Open World Agents is a comprehensive framework for building AI agents that can interact with any desktop application through vision, keyboard, and mouse control. From data capture to model training and real-time evaluation, we provide the complete toolkit:

- **OWA Core & Environment**: Asynchronous, event-driven interface for real-time agents with dynamic plugin activation
- **Data Capture & Format**: High-performance desktop recording with the `OWAMcap` format powered by [mcap](https://mcap.dev/)
- **Environment Plugins**: Pre-built plugins for desktop automation, screen capture, and more
- **CLI Tools**: Command-line utilities for recording, analyzing, and managing agent data

## What Can You Build?

**Anything that runs on desktop.** Open World Agents provides a universal interface to interact with any desktop application, game, or software through vision, keyboard, and mouse control. If a human can do it on a computer, you can build an AI agent to automate it.

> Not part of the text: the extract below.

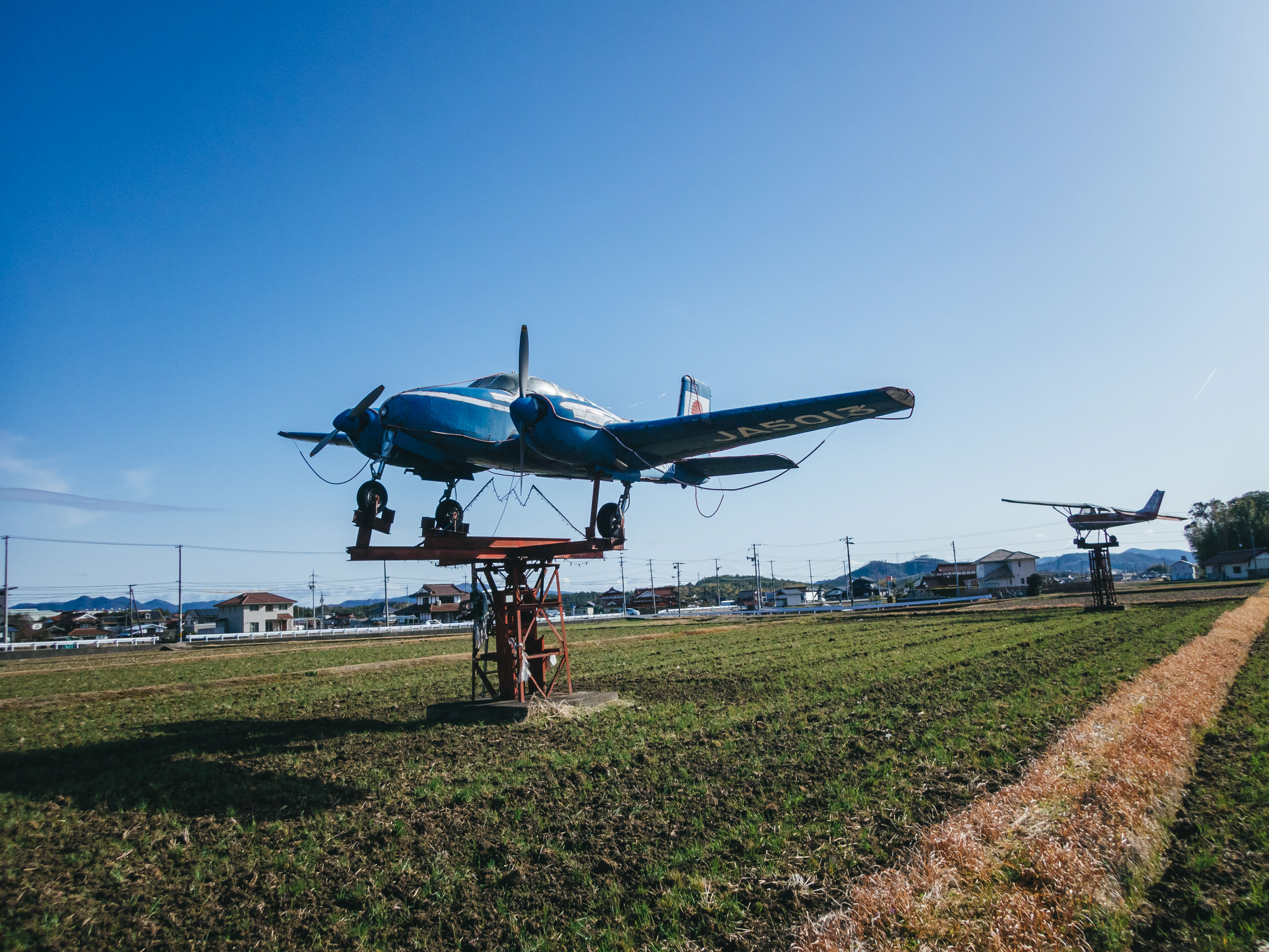 田んぼの中に展示された航空機の写真素材です。青空の下、緑色に生い茂る田んぼの中央に白い機体のプロペラ機JA5013が置かれており、ビーチクラフト社の小型機が地域の景観と調和しています。航空関連のコンテンツ制作や地域紹介、乗り物資料などに活用できます。

🤖 **Desktop Automation Agents**: Navigate complex applications, automate workflows, and interact with any software interface

🎮 **Game AI Agents**: Master complex games by understanding visual interfaces, game mechanics, and real-time decision making

📊 **Multimodal Training Datasets**: Capture high-quality human-computer interaction data for training foundation models

🤗 **Community-Driven Datasets**: Access and contribute to a growing collection of open-source OWAMcap datasets on HuggingFace

📈 **Real-Time Benchmarks**: Create and evaluate desktop agent performance across diverse applications and tasks

## Project Structure

The repository is organized as a monorepo with multiple sub-repositories under the `projects/` directory. Each sub-repository is a self-contained Python package installable via `pip` or [`uv`](https://docs.astral.sh/uv/) and follows namespace packaging conventions.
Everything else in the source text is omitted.